- WORK INSTRUCTION
After locating the line with "القاهرة – أشادت" in the entries below, output it and each following line up to and including the line with "Dankzij de integratie", exactly and without pictures.

______

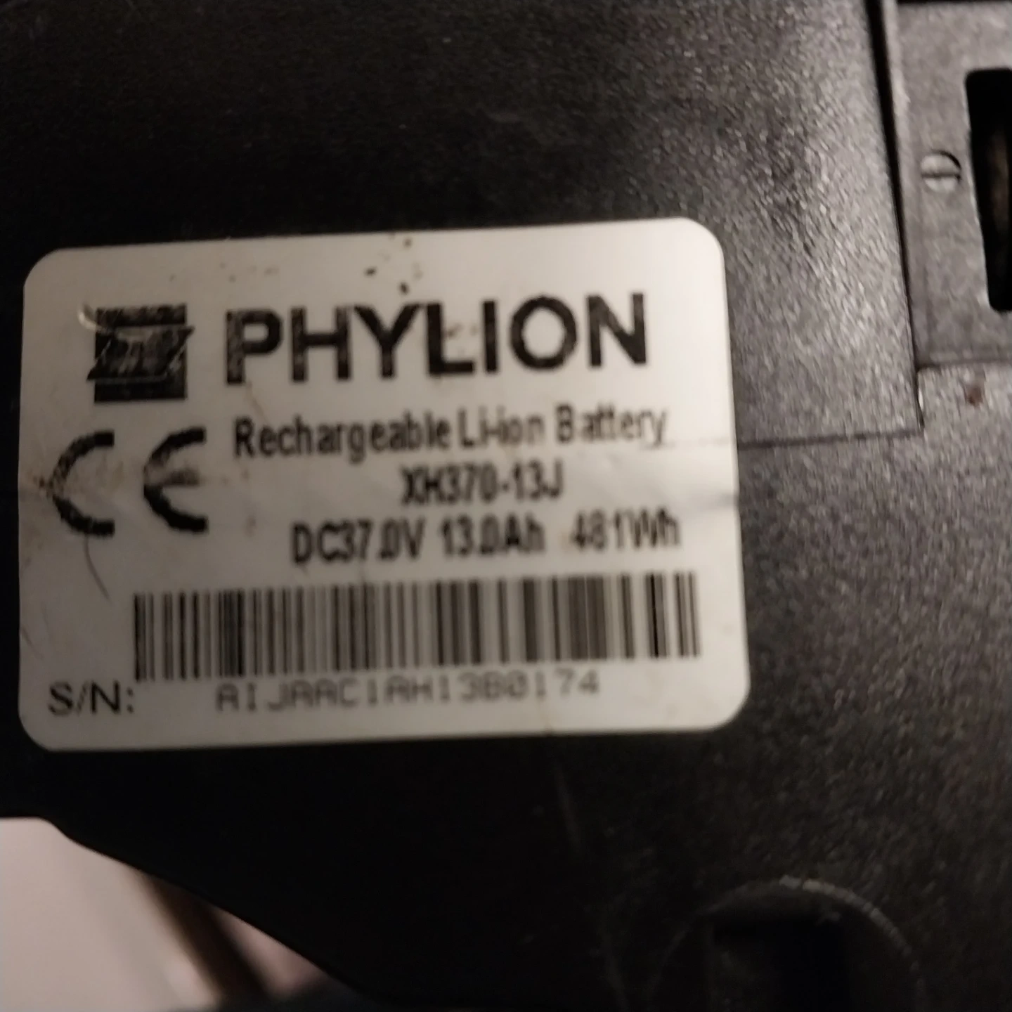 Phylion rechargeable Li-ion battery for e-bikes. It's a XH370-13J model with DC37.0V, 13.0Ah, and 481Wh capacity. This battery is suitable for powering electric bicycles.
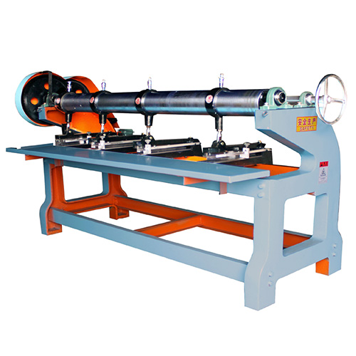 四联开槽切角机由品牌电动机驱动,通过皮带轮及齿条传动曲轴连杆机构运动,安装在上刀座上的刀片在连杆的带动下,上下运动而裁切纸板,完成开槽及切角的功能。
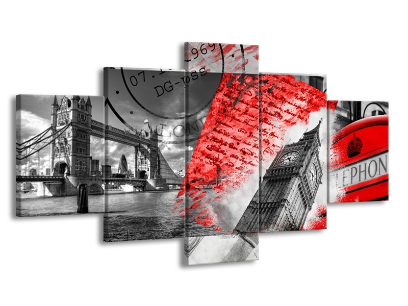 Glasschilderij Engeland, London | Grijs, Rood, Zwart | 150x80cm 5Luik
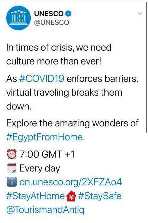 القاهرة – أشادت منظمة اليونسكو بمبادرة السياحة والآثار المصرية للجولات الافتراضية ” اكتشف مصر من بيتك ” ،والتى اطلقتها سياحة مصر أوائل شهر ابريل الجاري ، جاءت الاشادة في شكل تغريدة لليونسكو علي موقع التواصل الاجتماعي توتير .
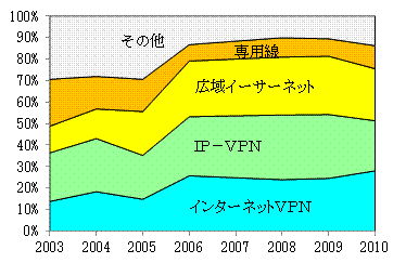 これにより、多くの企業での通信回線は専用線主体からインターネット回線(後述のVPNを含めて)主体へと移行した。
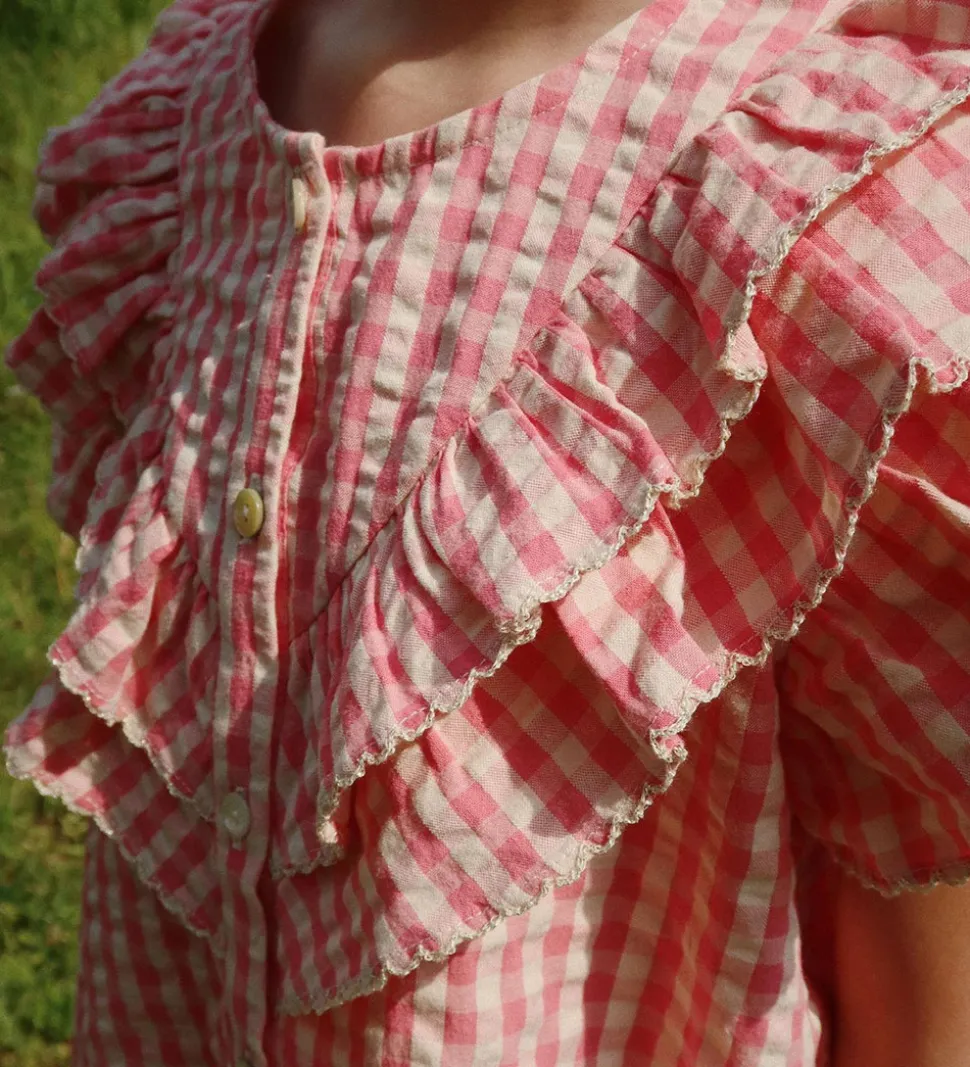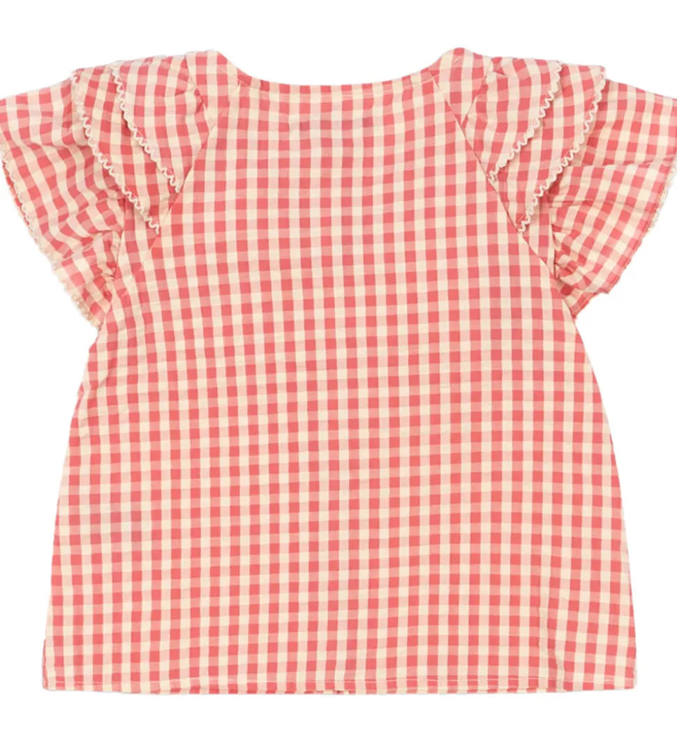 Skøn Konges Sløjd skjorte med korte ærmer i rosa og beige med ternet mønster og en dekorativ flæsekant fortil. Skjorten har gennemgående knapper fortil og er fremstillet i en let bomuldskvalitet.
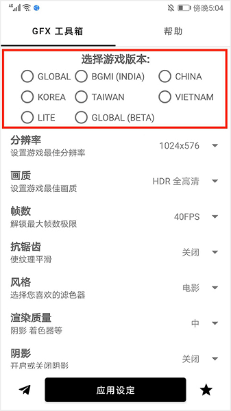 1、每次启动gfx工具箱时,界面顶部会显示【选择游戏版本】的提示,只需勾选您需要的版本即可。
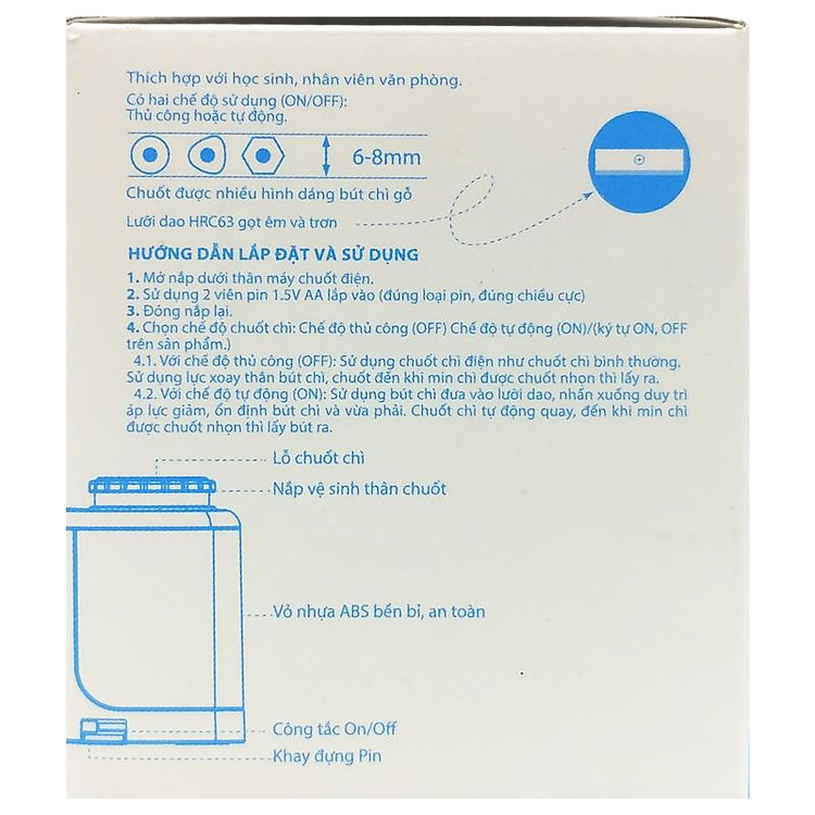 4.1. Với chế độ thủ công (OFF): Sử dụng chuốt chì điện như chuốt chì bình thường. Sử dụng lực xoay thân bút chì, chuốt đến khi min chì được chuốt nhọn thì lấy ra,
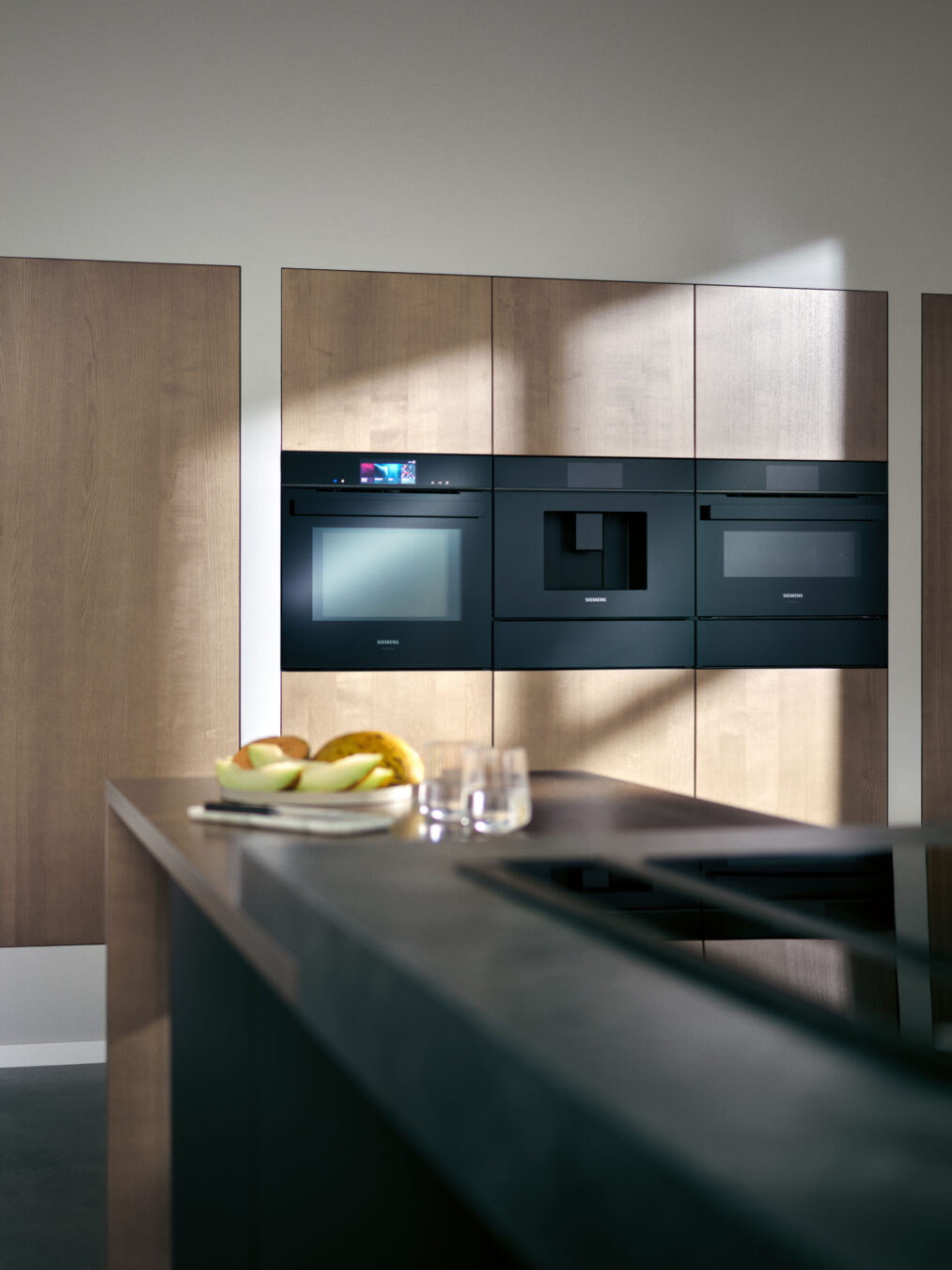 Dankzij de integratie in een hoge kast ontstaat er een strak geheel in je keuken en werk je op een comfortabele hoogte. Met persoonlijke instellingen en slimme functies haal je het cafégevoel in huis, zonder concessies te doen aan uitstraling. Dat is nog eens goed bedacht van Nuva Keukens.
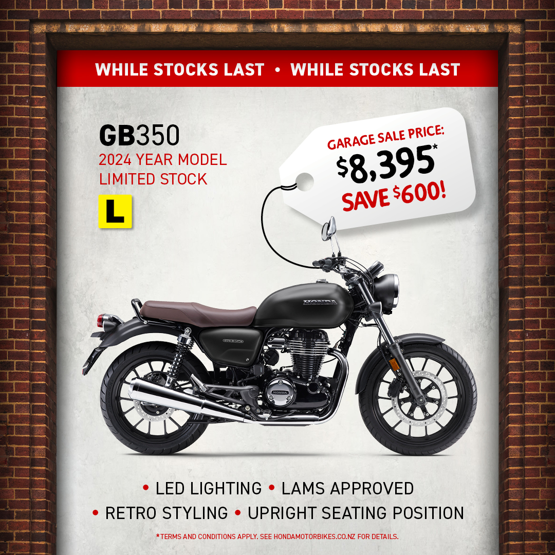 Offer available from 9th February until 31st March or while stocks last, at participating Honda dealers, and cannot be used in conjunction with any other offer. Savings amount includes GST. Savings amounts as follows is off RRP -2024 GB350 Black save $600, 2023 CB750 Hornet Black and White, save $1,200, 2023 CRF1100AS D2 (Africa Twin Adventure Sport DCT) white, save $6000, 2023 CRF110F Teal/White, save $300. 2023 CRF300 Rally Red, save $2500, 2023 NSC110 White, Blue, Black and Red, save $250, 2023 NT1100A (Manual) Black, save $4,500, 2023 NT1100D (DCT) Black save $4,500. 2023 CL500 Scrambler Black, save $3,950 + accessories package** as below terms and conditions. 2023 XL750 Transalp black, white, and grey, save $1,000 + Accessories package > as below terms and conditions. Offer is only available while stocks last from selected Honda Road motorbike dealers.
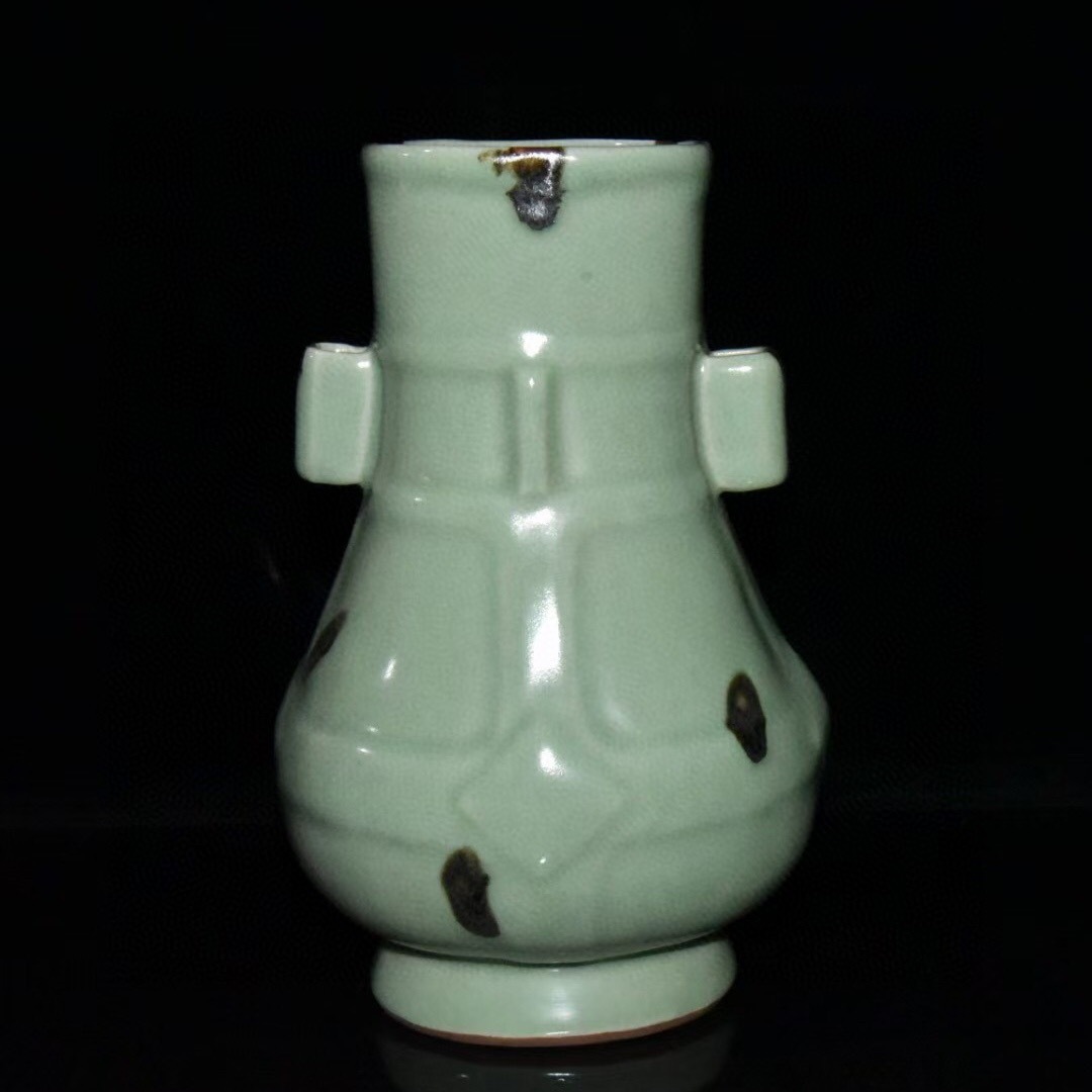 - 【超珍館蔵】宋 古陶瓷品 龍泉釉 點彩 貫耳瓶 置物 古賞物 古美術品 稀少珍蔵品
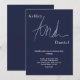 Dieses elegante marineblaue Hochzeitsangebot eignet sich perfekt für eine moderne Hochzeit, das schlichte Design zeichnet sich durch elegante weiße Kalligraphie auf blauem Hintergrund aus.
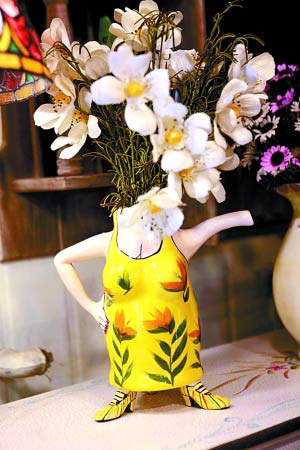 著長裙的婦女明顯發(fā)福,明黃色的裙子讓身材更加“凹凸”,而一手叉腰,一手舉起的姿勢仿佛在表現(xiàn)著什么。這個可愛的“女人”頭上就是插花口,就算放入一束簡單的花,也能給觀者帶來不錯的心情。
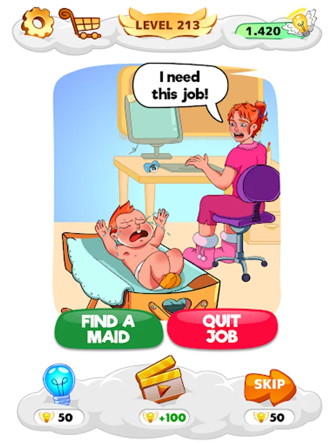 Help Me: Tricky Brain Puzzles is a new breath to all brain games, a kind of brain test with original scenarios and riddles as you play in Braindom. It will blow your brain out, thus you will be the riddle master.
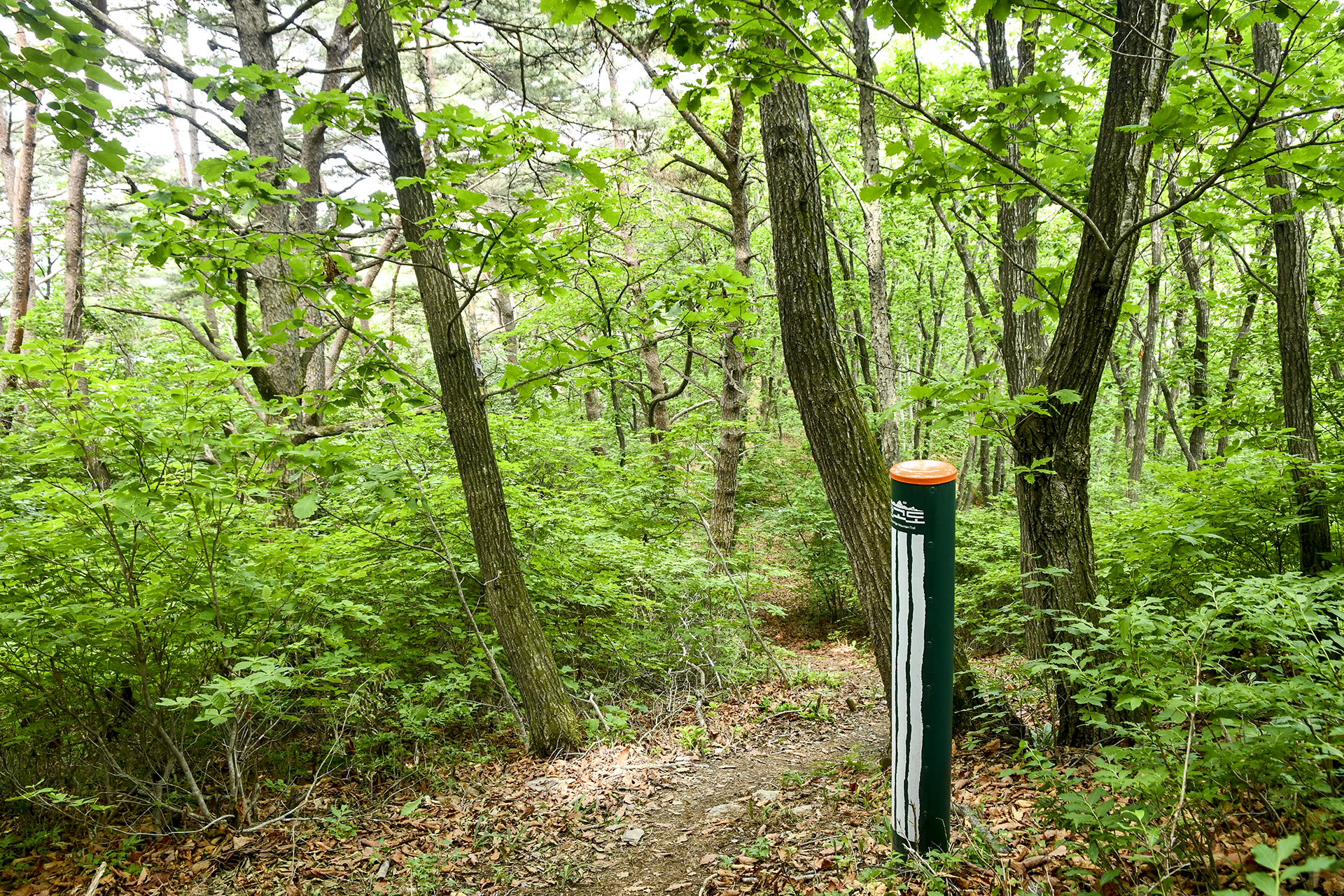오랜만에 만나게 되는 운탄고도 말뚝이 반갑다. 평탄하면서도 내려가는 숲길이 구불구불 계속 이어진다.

______

- TASK RESULT
 القاهرة – أشادت منظمة اليونسكو بمبادرة السياحة والآثار المصرية للجولات الافتراضية ” اكتشف مصر من بيتك ” ،والتى اطلقتها سياحة مصر أوائل شهر ابريل الجاري ، جاءت الاشادة في شكل تغريدة لليونسكو علي موقع التواصل الاجتماعي توتير .
 これにより、多くの企業での通信回線は専用線主体からインターネット回線(後述のVPNを含めて)主体へと移行した。
 Skøn Konges Sløjd skjorte med korte ærmer i rosa og beige med ternet mønster og en dekorativ flæsekant fortil. Skjorten har gennemgående knapper fortil og er fremstillet i en let bomuldskvalitet.
 1、每次启动gfx工具箱时,界面顶部会显示【选择游戏版本】的提示,只需勾选您需要的版本即可。
 4.1. Với chế độ thủ công (OFF): Sử dụng chuốt chì điện như chuốt chì bình thường. Sử dụng lực xoay thân bút chì, chuốt đến khi min chì được chuốt nhọn thì lấy ra,
 Dankzij de integratie in een hoge kast ontstaat er een strak geheel in je keuken en werk je op een comfortabele hoogte. Met persoonlijke instellingen en slimme functies haal je het cafégevoel in huis, zonder concessies te doen aan uitstraling. Dat is nog eens goed bedacht van Nuva Keukens.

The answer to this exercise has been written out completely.